Use fireEvent to trigger DOM events in tests:

import { fireEvent, render, screen } from '@testing-library/react';

test('clears input after clicking Add', () => {
render(<TodoInput />);
const input = screen.getByRole('textbox');

fireEvent.change(input, { target: { value: 'Buy milk' } });
fireEvent.click(screen.getByRole('button', { name: /add/i }));

expect(input).toHaveValue('');
});

Note: In modern RTL, prefer userEvent over fireEvent — it simulates real browser events more accurately.
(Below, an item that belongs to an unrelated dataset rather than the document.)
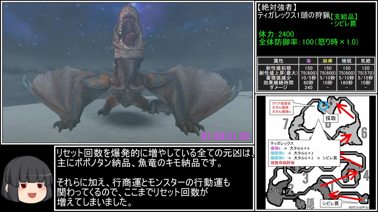 <span style="color: #000000; font-size: 14px;">ダイミョウザザミ ~ ティガレックス まで</span><br><br><a href="https://www.nicovideo.jp/watch/sm35891149" class="watch">sm35891149</a><span style="color: #000000; font-size: 14px;">←前 次→<a href="https://www.nicovideo.jp/watch/sm35955437" class="watch">sm35955437</a></span><br><br><br>既に編集がきつくなってきたマン_(:3 」∠)_<br><br>>前回のRTA動画に比べてゲーム音ちょっとうるさいな、ゆっくりボイス聞きにくい<br> part2は編集・エンコ終わってしまったのでそのまま投稿しちゃいました。<br> うるさいかもしれないですけどごめんね(´・ω・`)<br> 次回から音量もう少し下げます<br><br><br><br><span style="color: #000000; font-size: 14px;">RTAマイリスト→</span><span style="color: #006699; font-size: 14px;"><a href="https://www.nicovideo.jp/mylist/66811789" target="_blank" rel="noopener">mylist/66811789</a></span><br><span style="color: #000000; font-size: 13px;">配信時→ </span><span style="color: #006699; font-size: 14px;"><a href="https://youtu.be/uMCnHOQFNZU" target="_blank" rel="noopener nofollow">https://youtu.be/uMCnHOQFNZU</a></span>

For example, fireEvent.click doesn't trigger focus/blur, but userEvent.click does.

import userEvent from '@testing-library/user-event';

test('types and submits', async () => {
const user = userEvent.setup();
render(<TodoInput />);

await user.type(screen.getByRole('textbox'), 'Buy milk');
await user.click(screen.getByRole('button', { name: /add/i }));

expect(screen.getByRole('textbox')).toHaveValue('');
});

Code Review Feedback

Katie Nguyen (2026-02-26):

[Code Review Feedback] SCRUM-124 — Learn: Testing in JS/TS

What went well:

  • Why Vitest: Spot on. Especially the insight about running on Vite's config — that's exactly why it's faster than Jest. Good note on global: true too.
  • vi.mock(): Your strongest comment. You understood WHY you'd use each type (mock module vs mock function vs mock data), wrote real examples, and nailed the one-line summary: "Don't use the real thing — use this fake I control instead." That's exactly the right mental model.
  • Spies vs Mocks: This distinction trips people up all the time. You got it right: mocks replace the function, spies observe the real one. Clean and concise.
  • AAA Pattern: Very thorough. You covered all three organize-by strategies (unit, input type, state), and the beforeEach example shows you understand when to extract shared setup vs keeping it inline — a nuanced point.
  • getByRole vs getByTestId: Great answer. You added the accessibility angle (screen readers, keyboard users) which is exactly the WHY behind RTL's philosophy.

One thing to tighten up:

  • FireEvent: Worth knowing for when you start writing real tests — prefer userEvent over fireEvent in modern RTL. It simulates real browser events more accurately (e.g. fireEvent.click doesn't trigger focus/blur, but userEvent.click does).

Overall: You clearly watched the material and didn't just copy notes — you synthesized it into your own words. The mock/spy distinction, the AAA breakdown, and the RTL philosophy answer are all at the level I'd expect from someone ready to start writing real tests.

Verdict: APPROVED ✅ — ready to move on to the coding subtasks in SCRUM-117.